Coinbase is facing an internal crisis as it lays off 1,100 employees

Coinbase, the notorious San Francisco-based cryptocurrency exchange, appears to be grappling with an internal crisis of some sort as it deals with the headwinds of the tech and cryptocurrency industry.

On Tuesday, the company announced it was laying off 1,100 employees — nearly a fifth of its staff. It is the final blow to the rapid reversal of the fortunes of the company; After embarking on a mass hiring spree and giant Super Bowl announcement earlier this year, the company has paused hiring and backed away from job offers that had already been accepted.

But in a routine email to employees sent and made public by Coinbase CEO Brian Armstrong outlining the company’s extremely rapid growth and global economic downturn, one sentence stood out (and not just because it was the highest bid in the layoff notice).

Armstrong explained that the demobilized individuals will have access to all of the suspended Coinbase systems, and that they will receive the news in their personal emails.


“Given the number of employees with access to sensitive customer information, it was unfortunately the only practical option, to ensure that no one made a reckless decision that would harm the company or themselves,” Armstrong wrote.

This part is less routine. It’s not uncommon for CEOs to anticipate that any laid off employee might sabotage the company on their way out, let alone hint at any concern about it in a letter to the public.

What could be the reason for these bad intentions?

Last Friday, a petition to remove chief operating officer Emily Choi, chief product officer Surjit Chatterjee and chief human resources officer LJ Brock was leaked with a vote of no-confidence on the Hacker News tech forum. In it, an anonymous list of employees expressed concerns that their decision-making was not “in the best interests of the company.”

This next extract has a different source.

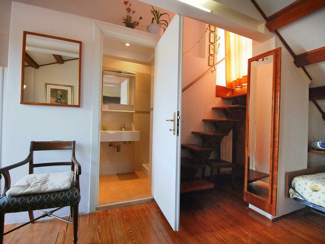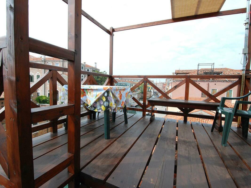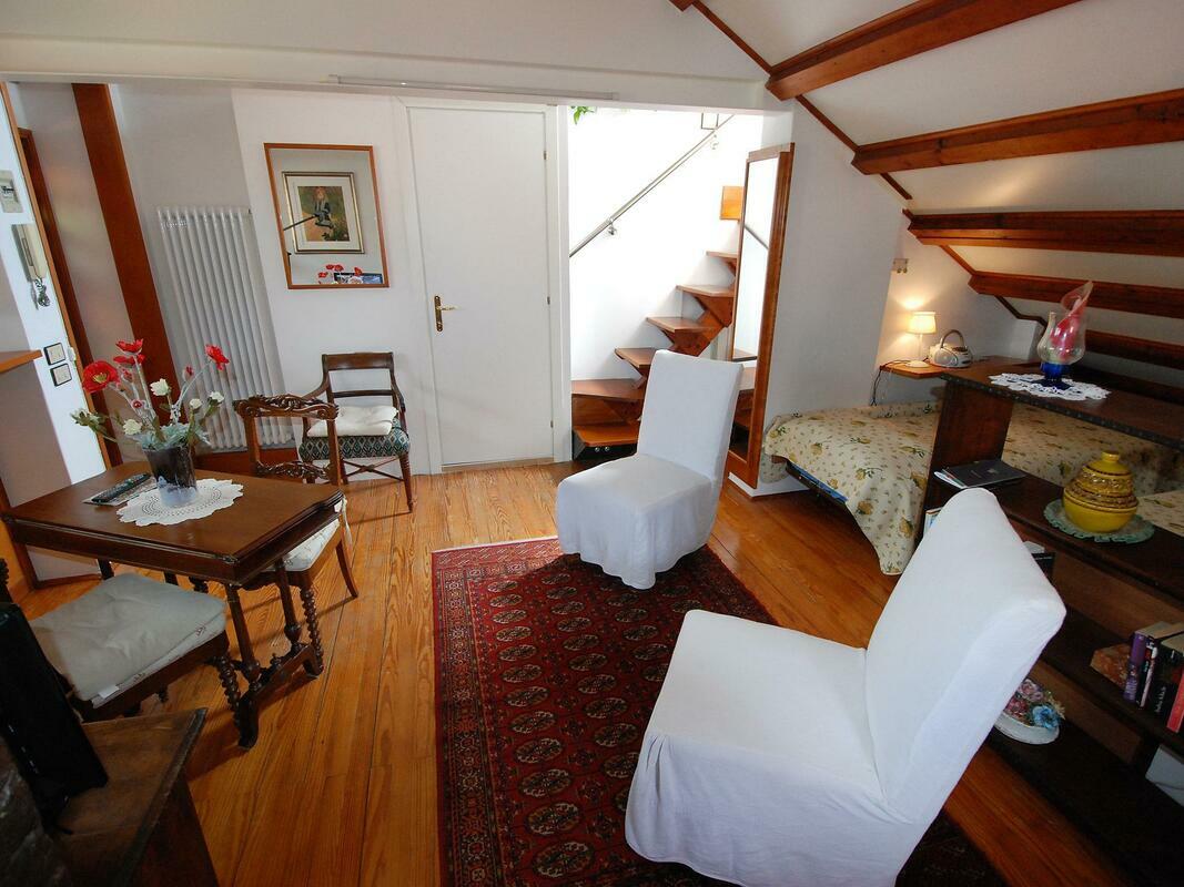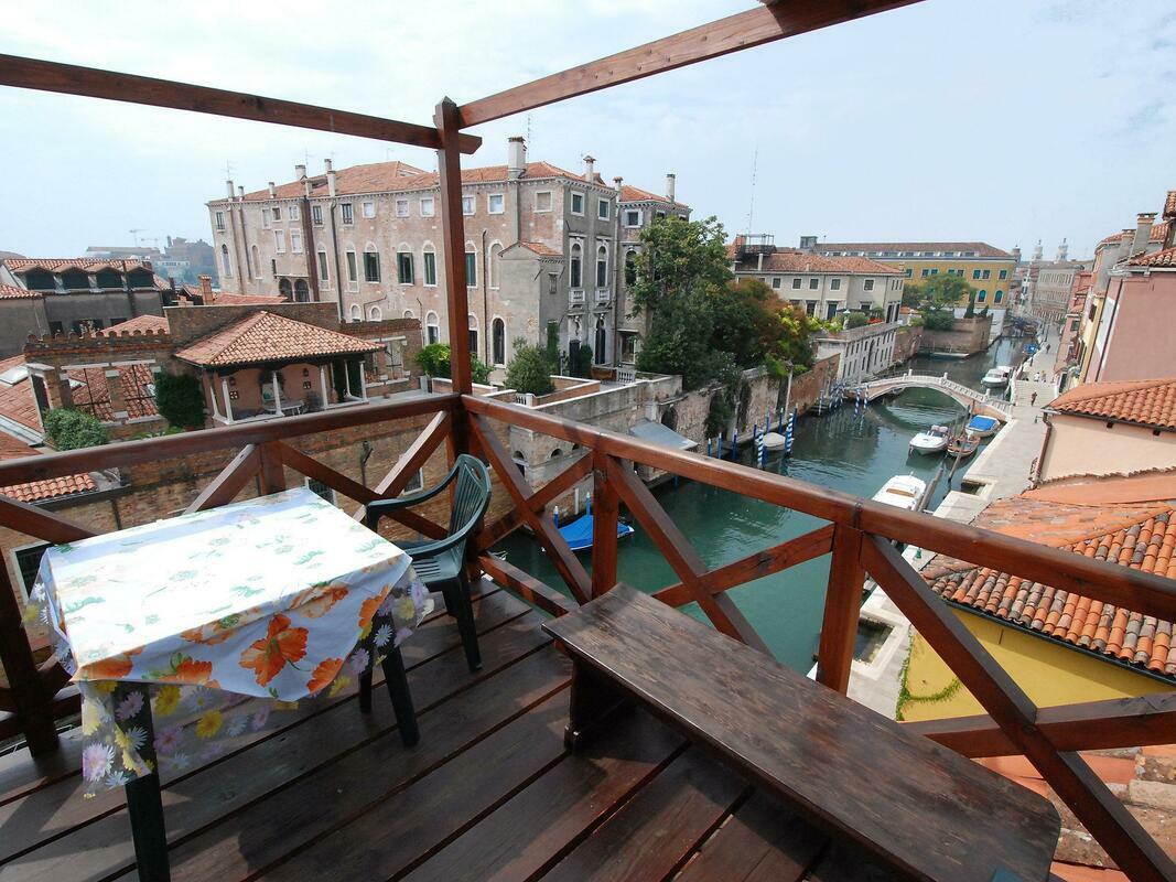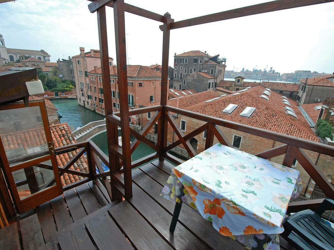 Comfortable small apartment house "Campo San Trovaso", 3 storeys. In the centre of Venezia, in the district Dorsoduro, excellent location: right in the centre but still quiet, directly by the canal, south facing position. Grocery 200 m, supermarket 300 m, restaurant, bar, café 200 m, ferry "Vaporetto stop Zattere" 200 m. Nearby attractions: Gallerie dell'Accademia 200 m, Ponte dell'Accademia 250 m, Museo Peggy Guggenheim 400 m, Piazza San Marco 1.2 km. Please note: There are more similar properties for rent in this same residence. 1-room apartment 45 m2, on the top floor. Renovated in 2009, beautiful and antique furnishings: upper floor: (spiral staircase) living/sleeping room with 2 beds, dining nook and TV (flat screen), radio, CD-player and DVD. Open kitchen (3 hot plates, oven, microwave). Shower/WC. Gas heating. 2nd upper floor: (steep stair). Terrace 7 m2, south facing position. Terrace furniture. Marvellous panoramic view of the canal and the city. Facilities: iron, mosquito net, hair dryer. Internet (WiFi, free). Please note: fire extinguisher. Please note: the apartment is reachable only via narrow spiral staircase, the luggages must be of maximum size 40cm x 35cm x 100cm. Please note: Not suitable for children.

Among the bad decisions listed are: aggressive hiring (and cancellation of job offers), proposal to rank employees after each interaction, “generally apathetic and sometimes condescending attitude” of executives, and most compelling, “inability to produce any higher or better quality products and services” Although hiring more employees aggressively.”

Instead of not responding – or responding to brawling through internal channels – Armstrong made a bad name for people who wrote and shared this publicly in the 16-Tweet TopicHe described the petition as “really stupid.” (The authenticity of the note is unclear, but in his response Armstrong legitimized the letter.)

There is probably a lot we could do better, Armstrong wrote in response, but if you’re in a place where you want to leak things externally, it’s time to go. “You hurt yourself and those around you.”

Forum commentators have criticized Armstrong for publicly dragging his workers, calling him “boyish” and advising him to “listen to his point”. But more importantly, the concerns of these employees listed were not entirely different from those that Armstrong cited as factors that led to these mass layoffs.

“We wouldn’t be where we are today without your hard work and dedication to our mission,” Armstrong wrote in his announcement Tuesday. “I am so grateful for everything you have done to contribute to our success.”